**TASK TO COMPLETE:**
Beginning with the line that includes "The new town, conceived" and ending with the last line, print the records exactly, leaving every picture out.

**INPUT MATERIAL:**
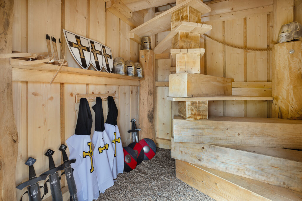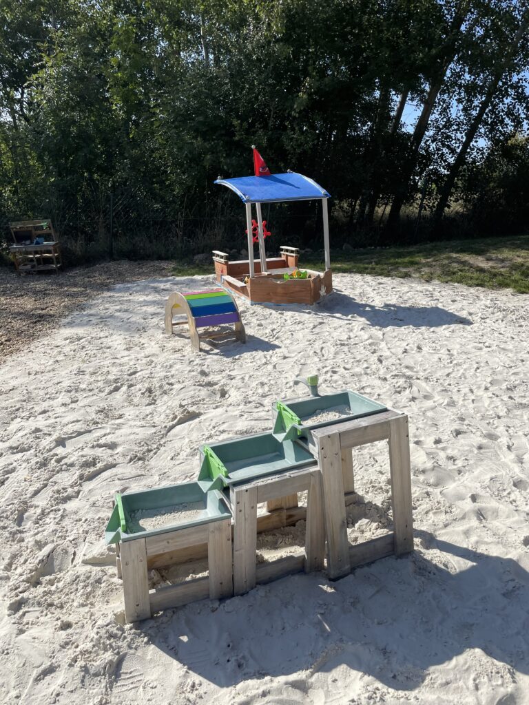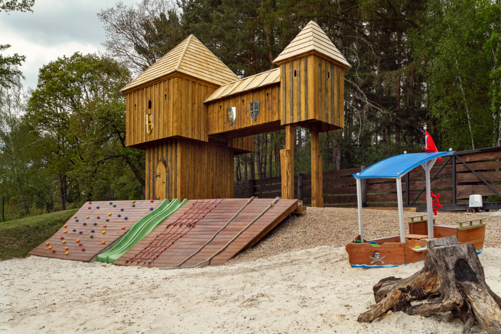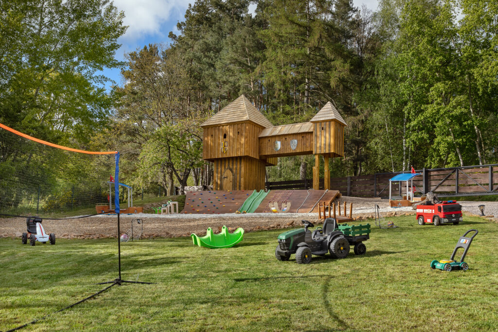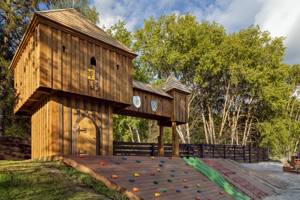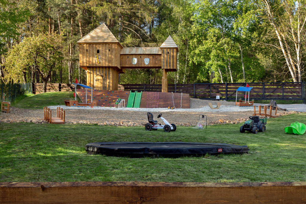 Venku je pak překrásné dětské hřiště, kterému dominuje hrad Kostík. „V přízemí je pro kluky připravená zbrojnice, kde se mohou stát opravdovými rytíři a pro děvčata je ve věži komnata, kde se díky krásným šatům promění v princezny. Starší děti v letních měsících mohou na Kostíku i přenocovat. Hrad Kostík stojí nad velkým pískovištěm. Písek symbolizuje vodní hladinu, ve které se nachází na mělčině uvízlé pirátské lodě, které sem zřejmě odnesly vodní proudy (možná druhohorního moře, které Český ráj tvarovalo do dnešní podoby 😊). Děti můžou začít své velké dobrodružství při bitvě s piráty a snažit se zachránit krásnou princeznu z hradu. Hned v sousedství této vodní hladiny najdete rozlehlou kamínkovou pláž s mosty, díky kterým děti překonají pomyslný vodní příkop. Po mostech se děti dostanou na travnatou část, kde se nachází trampolína, můžou si zde zahrát fotbal, tenis, uvařit něco dobrého v kuchyňce a kreslit křídou na tabuli.“ (zdroj) K dispozici jsou tu také elektrická a šlapací autíčka.
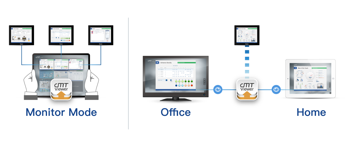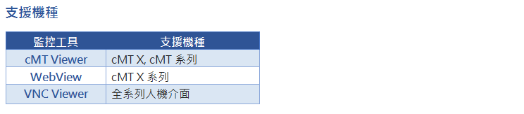 使用威綸科技的人機介面,除了直接在觸控螢幕上進行操作外,另外可使用多元監控工具進行行動監控。各式監控工具各有特色,適用於不同應用情境,但只要善用多元監控工具,不論是cMT Viewer、WebView、VNC Viewer其中的哪一種,都能一手掌握工業現場的設備狀態,用戶可以依據個別的需求挑選。
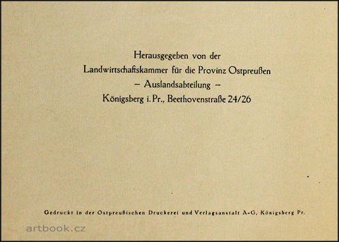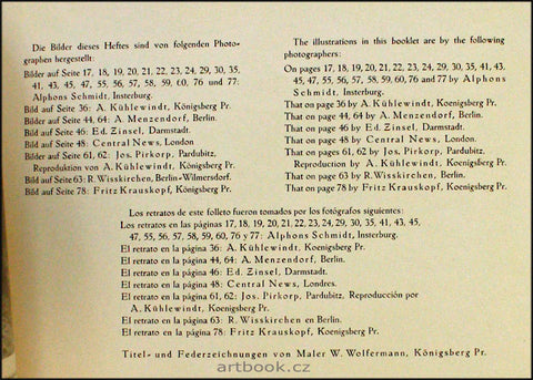 Gedruckt in der Ostpreußischen Druckerei und Verlagsanstalt A-G. Königsberg Pr. (1931). Titel und Federzeichnungen von Maler W. Wolfermann, Königsberg Pr. 79 str., množství čb. fotografií, il. v textu, 1 bar. celostr., mapa. Německý, anglický, ruský a španělský text. Pův. brož. 210x290 Jeden list uvolněný, obálka mírně zašlá vlivem stáří. V době vystavení na artbook.cz jde o jediný původní exemplář, který se na trhu vzácných knih nabízí. Tituly, které se ve světě v nabídkách několika antikvariátů, dají dohledat za 390 euro jsou pouze reprinty.
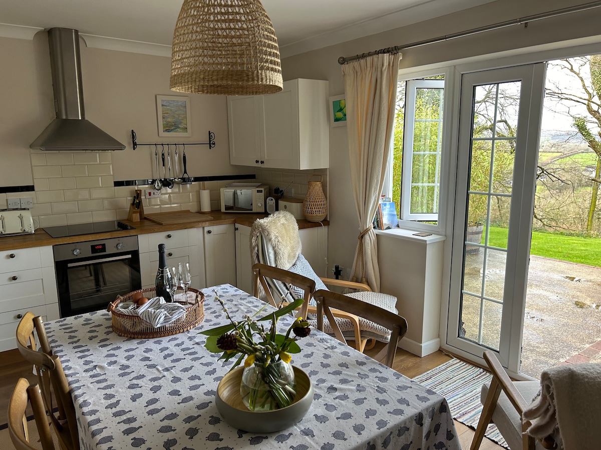 Matatagpuan nang malayuan, 2 palapag, self - contained na cottage na may malaki at bukas na planong triple aspect na silid - tulugan sa ika -1 palapag na nag - aalok ng mga kamangha - manghang tanawin. Nag - aalok ang ibaba ng silid - tulugan na may king size na higaan, shower room at kusina/kainan na nagtatampok ng woodburner, dining table at dalawang komportableng upuan na nakatanaw sa malawak na tanawin sa kanayunan. Nagbubukas ang mga French door sa terrace na may mga muwebles sa hardin at chimenea at pribadong hardin na may BBQ. Napakahusay na signal ng Wi - Fi sa buong lugar. Malugod na tinatanggap ang mga aso - max 2
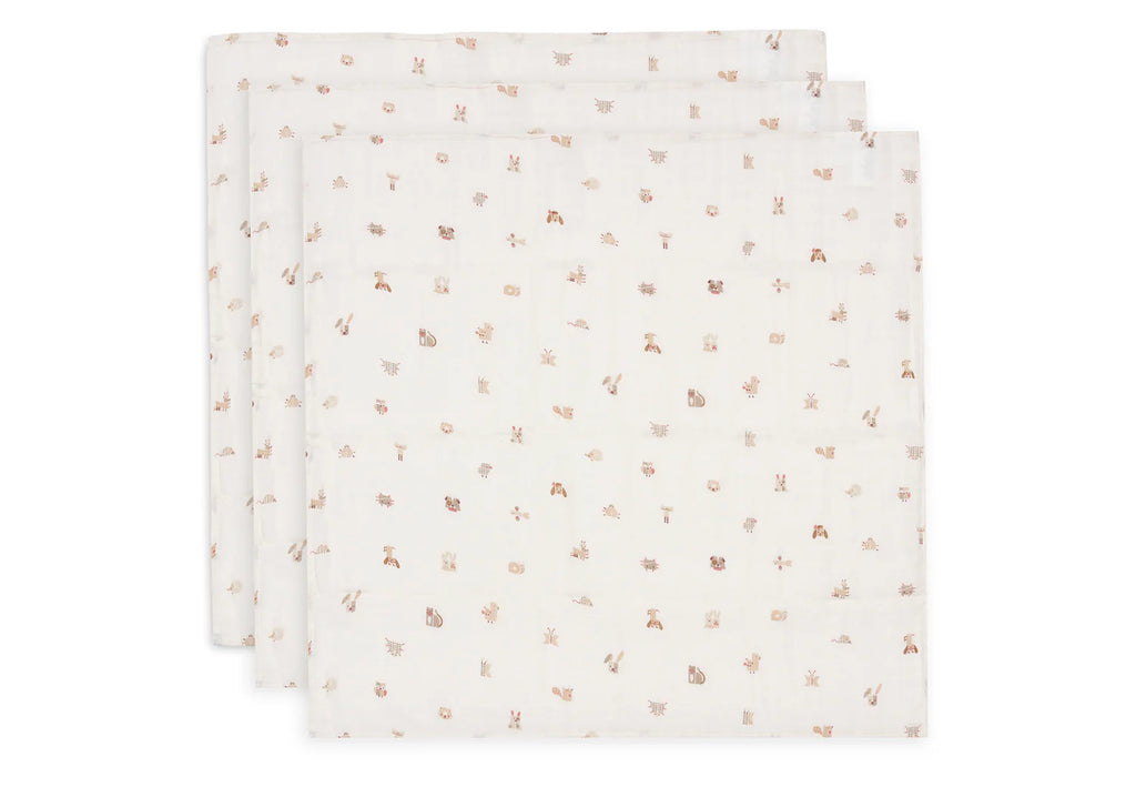 Diese weichen Mulltücher sind ideal für die tägliche Pflege Ihres Kleinen. Sie nehmen Feuchtigkeit gut auf und fühlen sich wunderbar luftig an. Perfekt als Spucktuch, Handtuch oder Unterlage. Das fröhliche Animal Friends-Muster mit verspielten Tieren macht sie besonders niedlich! Im 3er-Pack - praktisch für zu Hause und unterwegs.
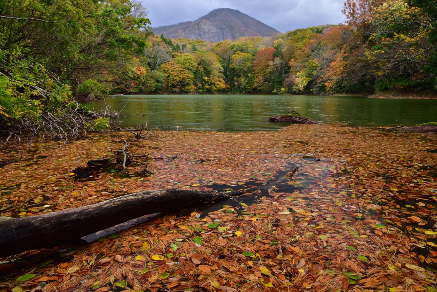 湖面と正面にそびえる崩山との景観は見応え十分。
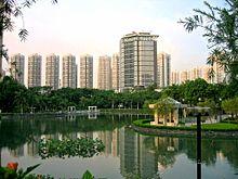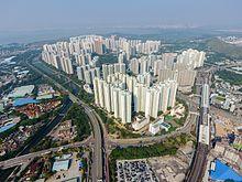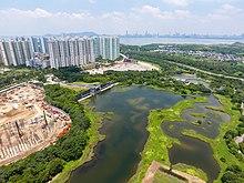 The new town, conceived in 1987 to house 140,000 people, was constructed on 2.4 square kilometres of reclaimed fishponds and wetland representing one quarter of the flat land in the New Territories.[3] The process of land reclamation for the new town was completed in 1990.[4] Formation of the 2.4 km2 was estimated to cost HK$820 million in a contract signed with a Chinese joint-venture company. 20 million cubic metres of material would be required for the landfill. Maximum possible land formation was 4.88 km2.[5]
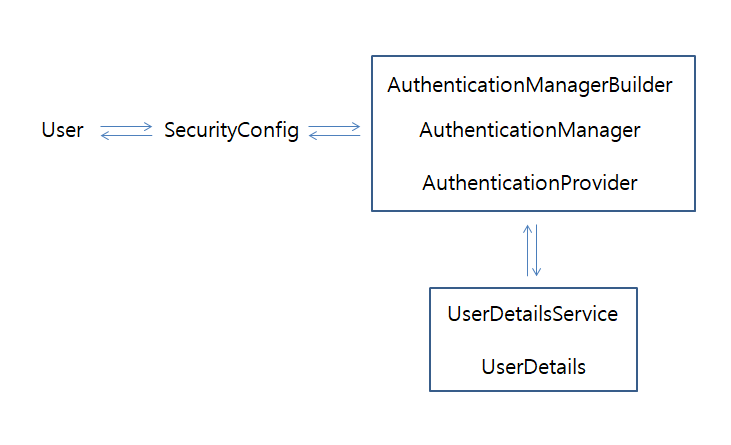 사용자는 아무것도 모르고 그냥 원하는 페이지 혹은 로그인페이지에 접근합니다. 그럼 그 이후부터 동작로직은 Spring Boot 프로젝트 내에서 SecurityConfig에 설정한 내용으로 모두 관리가 됩니다. 그 뒷단에서 인증에 대한 부분을 책임지는 Authentication... 그리고 DB에서 사용자 정보를 가져오고 사용자가 입력한 정보를 비교하여 승인하는 등의 실질적인 로직이 들어가는 UserDetails... 부분이 작성됩니다.
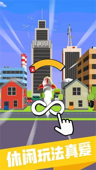 正义小火箭手游官方版是一款采用可爱动画风打造的特殊射击游戏,在这里玩家要做的就是控制好自己的火箭在城中穿行,并摧毁敌人的基地,这样就能够顺利的通关并获得相应的奖励了。游戏中玩家通过发射火箭的方式来进行进攻,对火箭的发射方向进行调试,在大楼当中进行穿梭,用最为正确的方式来命中游戏当中你所要摧毁的目标,整个过程都需要你手动进行控制,通过不断的闯关来为你解锁更多的内容;在游戏中玩家你首先就要将火箭给成功发射出去,摧毁的目标即可完成任务后可以获取丰富的金币奖励,金币可以用来升级火箭和燃料,让小火箭具有更大的威力,从而完成更加艰巨的任务。

**RESULT OF THIS EXERCISE:**
 The new town, conceived in 1987 to house 140,000 people, was constructed on 2.4 square kilometres of reclaimed fishponds and wetland representing one quarter of the flat land in the New Territories.[3] The process of land reclamation for the new town was completed in 1990.[4] Formation of the 2.4 km2 was estimated to cost HK$820 million in a contract signed with a Chinese joint-venture company. 20 million cubic metres of material would be required for the landfill. Maximum possible land formation was 4.88 km2.[5]
 사용자는 아무것도 모르고 그냥 원하는 페이지 혹은 로그인페이지에 접근합니다. 그럼 그 이후부터 동작로직은 Spring Boot 프로젝트 내에서 SecurityConfig에 설정한 내용으로 모두 관리가 됩니다. 그 뒷단에서 인증에 대한 부분을 책임지는 Authentication... 그리고 DB에서 사용자 정보를 가져오고 사용자가 입력한 정보를 비교하여 승인하는 등의 실질적인 로직이 들어가는 UserDetails... 부분이 작성됩니다.
 正义小火箭手游官方版是一款采用可爱动画风打造的特殊射击游戏,在这里玩家要做的就是控制好自己的火箭在城中穿行,并摧毁敌人的基地,这样就能够顺利的通关并获得相应的奖励了。游戏中玩家通过发射火箭的方式来进行进攻,对火箭的发射方向进行调试,在大楼当中进行穿梭,用最为正确的方式来命中游戏当中你所要摧毁的目标,整个过程都需要你手动进行控制,通过不断的闯关来为你解锁更多的内容;在游戏中玩家你首先就要将火箭给成功发射出去,摧毁的目标即可完成任务后可以获取丰富的金币奖励,金币可以用来升级火箭和燃料,让小火箭具有更大的威力,从而完成更加艰巨的任务。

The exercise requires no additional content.